▶ **DATASET SECTION**
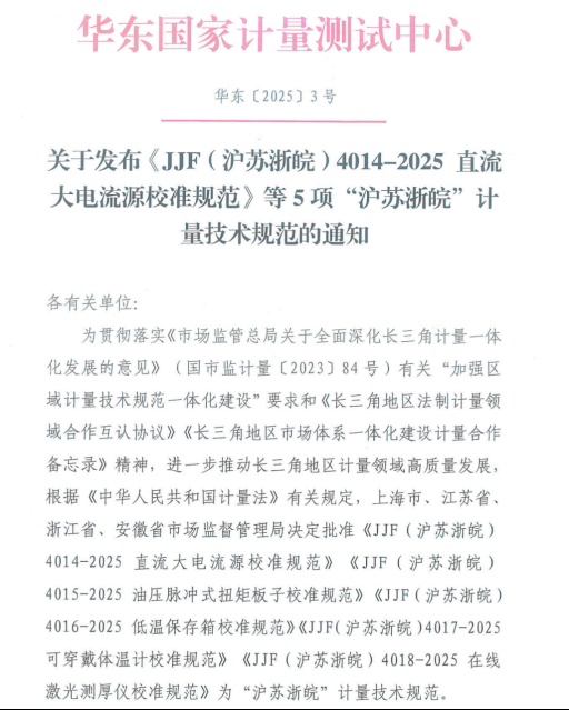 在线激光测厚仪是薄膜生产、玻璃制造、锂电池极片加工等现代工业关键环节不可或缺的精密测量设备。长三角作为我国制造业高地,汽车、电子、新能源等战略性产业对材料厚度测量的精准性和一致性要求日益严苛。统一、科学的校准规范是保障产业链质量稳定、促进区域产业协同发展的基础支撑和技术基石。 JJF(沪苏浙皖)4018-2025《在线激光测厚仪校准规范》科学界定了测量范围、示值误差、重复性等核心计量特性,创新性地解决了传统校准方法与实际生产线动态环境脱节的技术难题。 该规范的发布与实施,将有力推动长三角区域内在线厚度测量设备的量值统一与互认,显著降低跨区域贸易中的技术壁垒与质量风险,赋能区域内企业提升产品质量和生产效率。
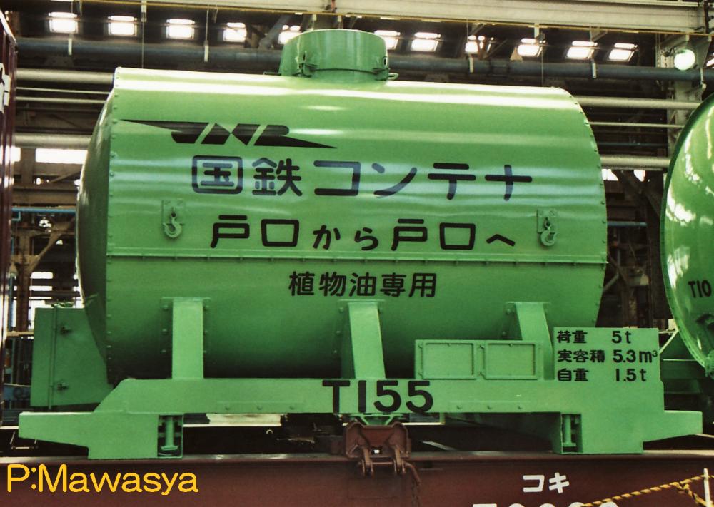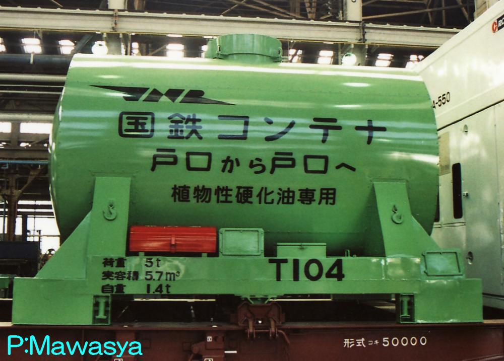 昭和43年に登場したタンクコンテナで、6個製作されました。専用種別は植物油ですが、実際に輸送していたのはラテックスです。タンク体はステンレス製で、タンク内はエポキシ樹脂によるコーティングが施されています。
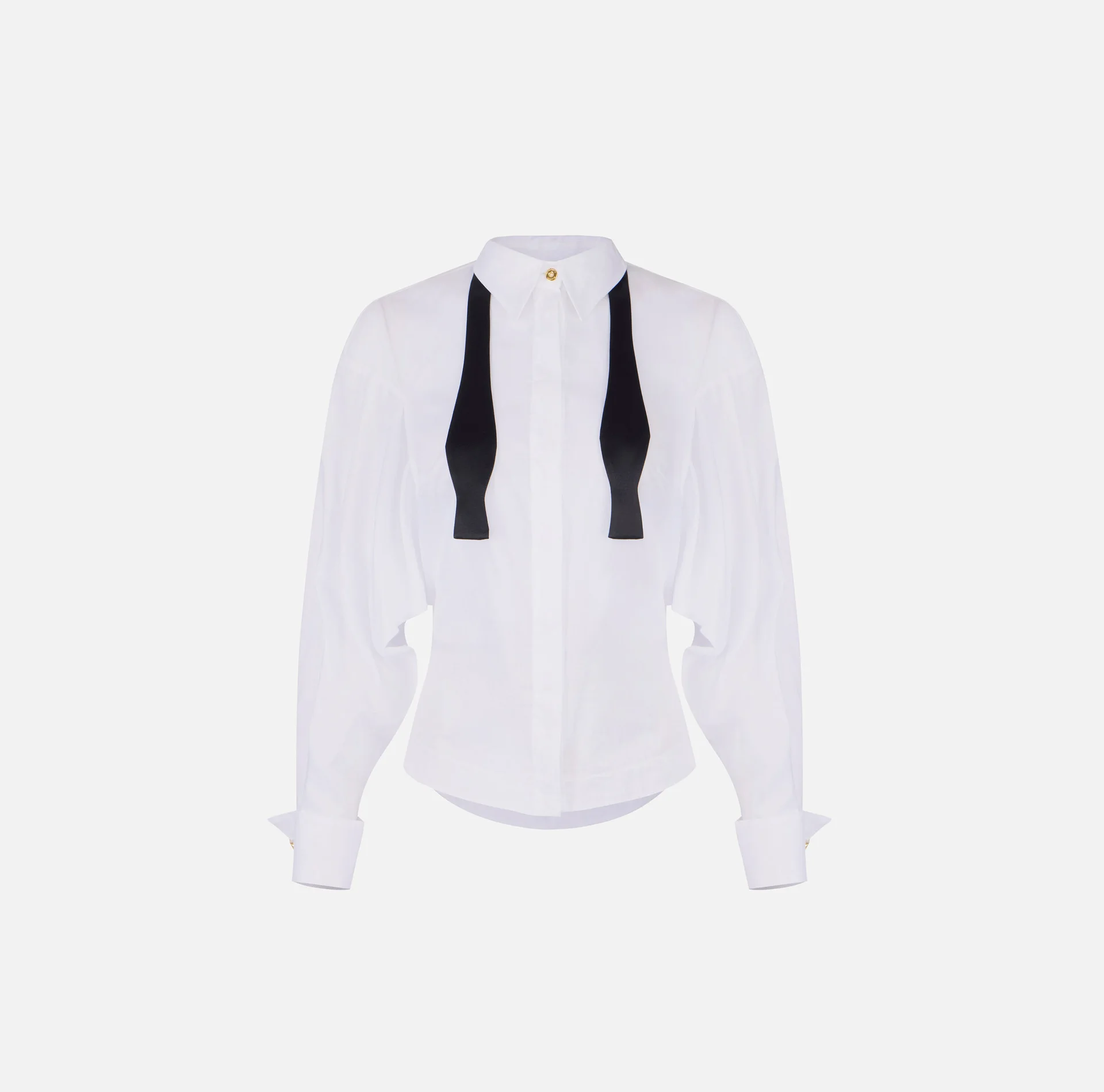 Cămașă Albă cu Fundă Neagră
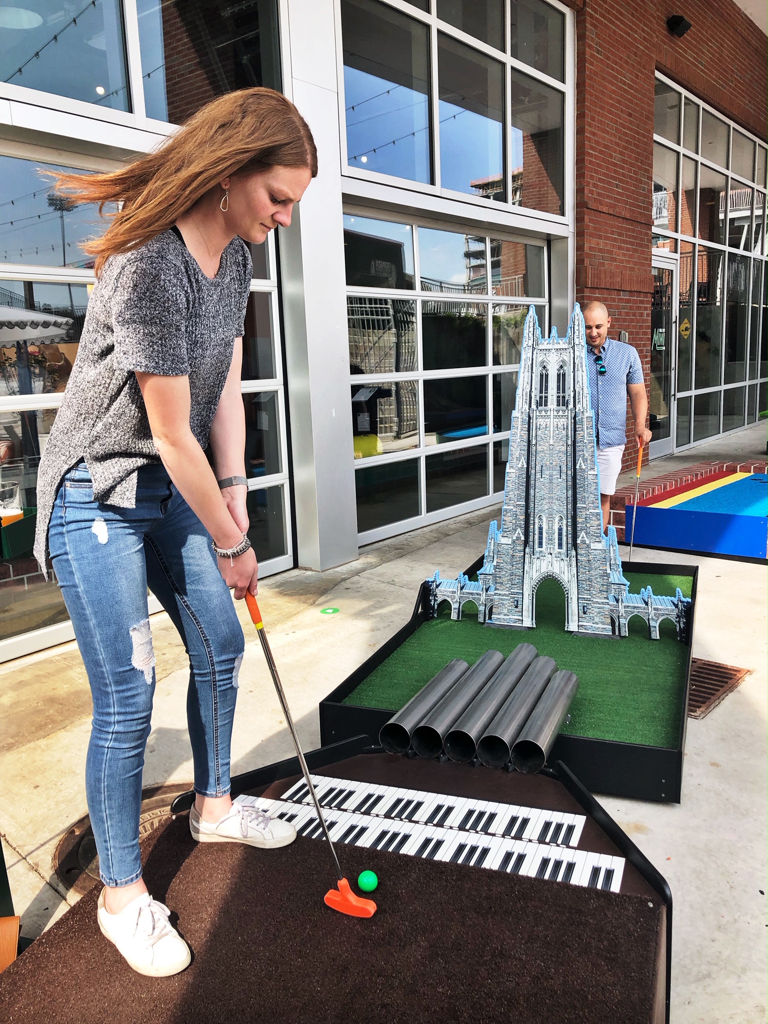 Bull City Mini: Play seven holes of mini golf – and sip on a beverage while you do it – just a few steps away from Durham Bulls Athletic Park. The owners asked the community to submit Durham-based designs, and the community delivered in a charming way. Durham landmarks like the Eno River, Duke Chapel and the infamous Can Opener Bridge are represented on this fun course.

▶ **EXERCISE REQUIREMENTS**
Only the lines from the first line of the listing above through the line with "Cămașă Albă cu Fundă Neagră" should be set down, exactly and without pictures.

▶ **PROBLEM SOLUTION**
 在线激光测厚仪是薄膜生产、玻璃制造、锂电池极片加工等现代工业关键环节不可或缺的精密测量设备。长三角作为我国制造业高地,汽车、电子、新能源等战略性产业对材料厚度测量的精准性和一致性要求日益严苛。统一、科学的校准规范是保障产业链质量稳定、促进区域产业协同发展的基础支撑和技术基石。 JJF(沪苏浙皖)4018-2025《在线激光测厚仪校准规范》科学界定了测量范围、示值误差、重复性等核心计量特性,创新性地解决了传统校准方法与实际生产线动态环境脱节的技术难题。 该规范的发布与实施,将有力推动长三角区域内在线厚度测量设备的量值统一与互认,显著降低跨区域贸易中的技术壁垒与质量风险,赋能区域内企业提升产品质量和生产效率。
 昭和43年に登場したタンクコンテナで、6個製作されました。専用種別は植物油ですが、実際に輸送していたのはラテックスです。タンク体はステンレス製で、タンク内はエポキシ樹脂によるコーティングが施されています。
 Cămașă Albă cu Fundă Neagră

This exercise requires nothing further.